I am having a problem with this unit. It works in gear 3 and reverse but no movement anymore in gear 1 and 2. Any help would be appreciated Thanks


----------



## Snowbelt_subie (Dec 20, 2016)

niclee5 said:


> I am having a problem with this unit. It works in gear 3 and reverse but no movement anymore in gear 1 and 2. Any help would be appreciated Thanks


going to have to put it up in he service position and pull the belly pan. guessing its a friction disk problem slipping from being worn or out of adjustment.


----------



## orangputeh (Nov 24, 2016)

what snowbelt subie said plus need more info. how long have you owned? did you get it this way? did it work fine until now? has it been serviced?

it could be as simple as a shift lever adjustment. 

you can take belt cover off and inspect belts. the drive belt is the thinner one. is it worn or loose? does the drive handle have too much free play before engaging belt and need adjustment? it's fairly easy to adjust.

if none of that , then check shift lever adjustment. if you plan on keeping this machine for the long haul I would recommend spending 40 bucks for the official Honda shop manual. it's worth it's weight in gold. it tells how to do all these things and has an excellent trouble shooting section.

like snowbelt subie said , it may also need a friction disk adjustment. if it does not work in first or second it could be a belt slipping, or a disk adjustment to the drive wheel . while you have that belly pan off you can clean up that area and it probably needs greasing on the splines that the disk moves on.

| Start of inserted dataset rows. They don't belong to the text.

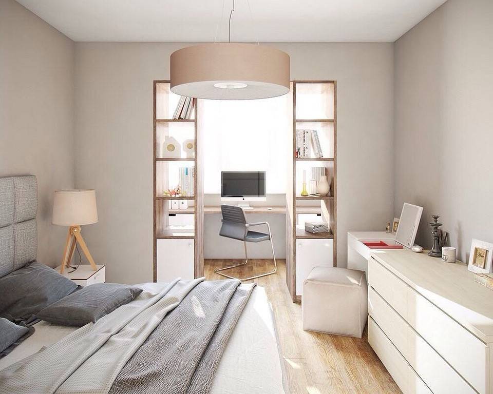 Если совместить комнату с лоджией, то в спальне можно устроить практически изолированный рабочий кабинет. Для зонирования используйте легкие перегородки или стеллажи.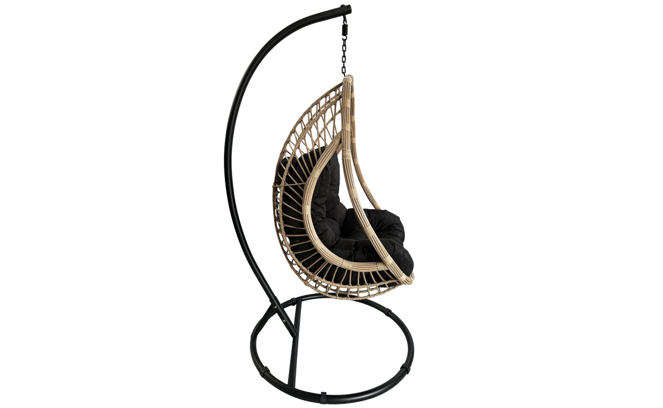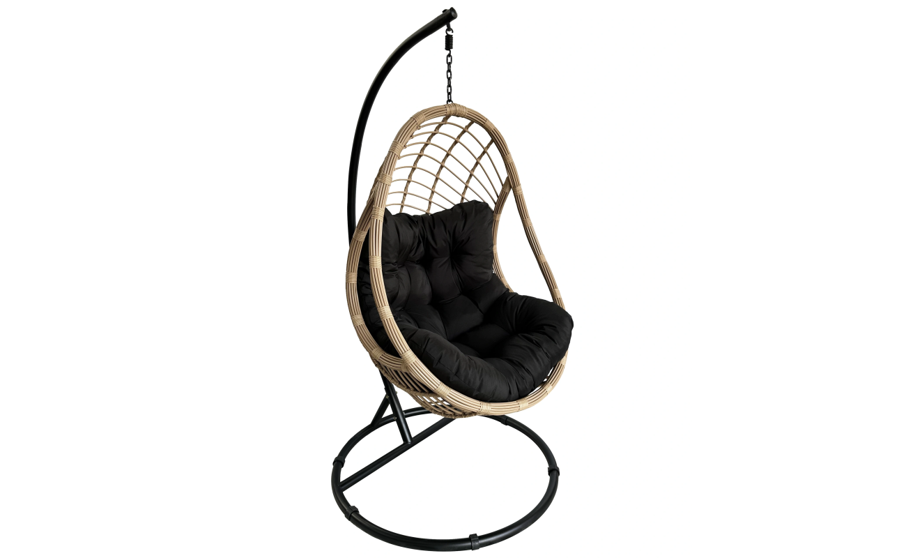 Fotel kokon ogrodowy wiszący huśtawka Malibu beżowo-czarny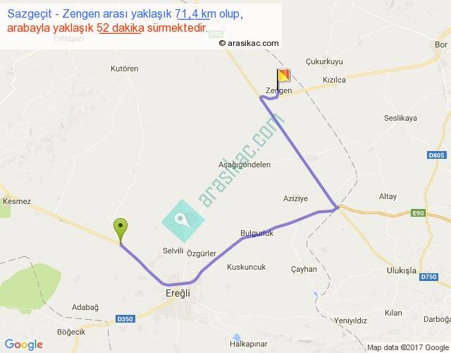 Sazgeçit - Zengen arası yaklaşık olarak 90 km/h ile yukarıda belirtilen sürede olup, iki yerin kuş uçuşu uzaklığı (mesafesi) 37'dir. Yolculuk otobüsle 1 saat 7 dakika sürmektedir.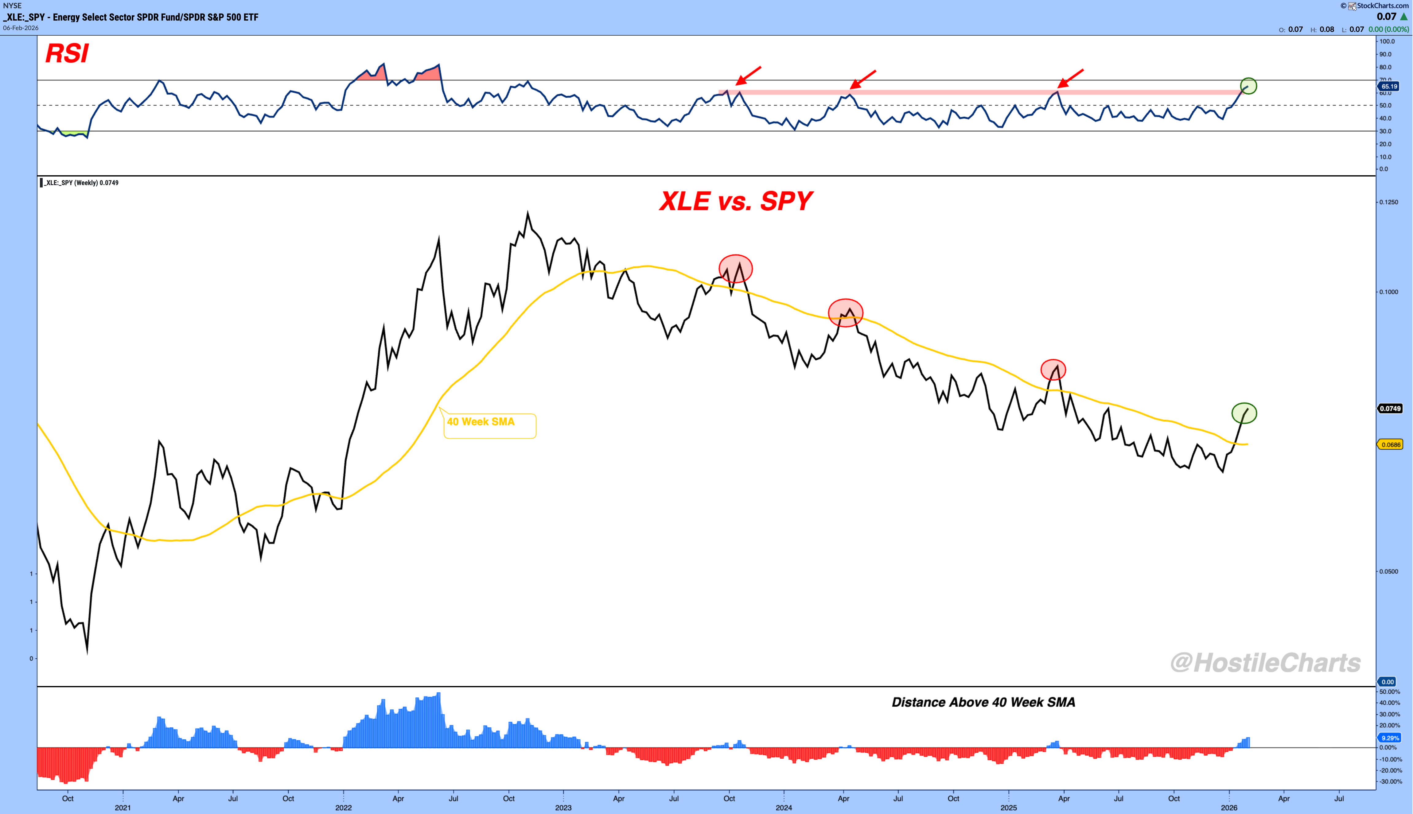 Energy Stocks Look Different This Time This One Chart Explains It All By Larry Thompson February 3, 2026 I’ve written plenty of hate mail over the past three years as energy’s failed breakouts piled up.Hate Mail #1 and Hate Mail #2 and Hate Mail #3 are just a few of them. Because every rally looked promising and every one ran out of gas.But here’s what most people miss.Stocks don’t care if you’re tired of their failed breakouts, so neither should you.That one time you ignore the signal because it “fooled you before” might be the time it actually gets going.So keep executing the trades.Regardless of how you feel.Let’s break it down. First, relative trend.Yes, XLE vs. SPY has tried to turn higher before. That part isn’t new. What is new is that this time it’s actually pushing against the downtrend instead of immediately rolling over.Second, momentum.In downtrends, RSI rallies usually die around 60. That’s been the ceiling for years. This time, momentum is pushing through that level and holding. That’s a meaningful change in character.Third, long-term support.Price is above the 200-day moving average for the largest stretch we’ve seen in years. Even a pullback here would still leave room to buy, instead of forcing you to chase strength or puke weakness. Put those three together and this move looks different. Different enough I might have to write an apology. Anyway, that’s my two cents. Thompson's Two Cents Larry Thompson delivers timeless trading lessons and market wisdom in quick daily notes. More from Thompson's Two Cents Larry Thompson The Sunday Stalk List | Ep. 34 20 Charts I'm Stalking February 1, 2026 Larry Thompson The "Work" Paradox Tomorrow Live at 5pm - All Gas No Brakes | Ep. 7 January 29, 2026 Larry Thompson Why I Added a New Position in CrowdStrike Process > Prediction January 27, 2026 Trade Smarter With Larry’s TakeThompson’s Two Cents offers concise market wisdom, timeless trading lessons, and chart-driven perspective you can trust. You must have JavaScript enabled to use this form. Email Address More from Thompson's Two Cents Thompson's Two Cents Watch Now

it would help if you could provide more info.


----------



## niclee5 (Jan 31, 2018)

Hey there thanks for the input so far. I have had it for a couple years and was working good. I did split the machine last year and put a new auger pulley and belts for drive and auger. All worked good, but I did notice occasionally when going into gear 1 or 2 it just sat without moving. When I put it into neutral and back to 1 or 2 all was good, but not now anymore.


----------



## orangputeh (Nov 24, 2016)

ok. did you recheck cable adjustment for drive? did you take belt cover off to inspect? how about bottom plate to look around and see something ?

if that is not it. then 

check subtransmission cable.(from the shop manual).from underneathe the control panel there are 2 cables. it is the one on the inside. 

move shift lever to 3rd gear position.

depress the drive clutch lever, and pull the recoil starter to engage gears.

adjust subtrans cable so freeplay is 1-2 mm with gears engaged. adj. can be ,ade by loosening the sub cable lock nut and turning the adj. nut.

start engine and check drive ability in each gear.

if not that then next would be adjusting shift cable. come back and let us know.


----------



## niclee5 (Jan 31, 2018)

Great info and thanks so much. Will work on it next week, got this week all booked with other stuff but will let you know how I progress. Looking forward to fixing it myself.


----------



## orangputeh (Nov 24, 2016)

niclee5 said:


> Great info and thanks so much. Will work on it next week, got this week all booked with other stuff but will let you know how I progress. Looking forward to fixing it myself.


it's doable. since it worked fine before it sounds like something needs adjusting.


----------



## orangputeh (Nov 24, 2016)

for more info on these adjustments search in honda forum 'friction disk hs50 problem'

member yshsfan posted pictures of the manual showing these adjustments in post number 6.

i believe it is same for the 55.


----------



## niclee5 (Jan 31, 2018)

Opened everything up and saw how it operated Had to tighten the cable that goes down to the housing between the pully and the disk. Not much adjustment needed to get the gears hooked up again. Thanks again for the help.


----------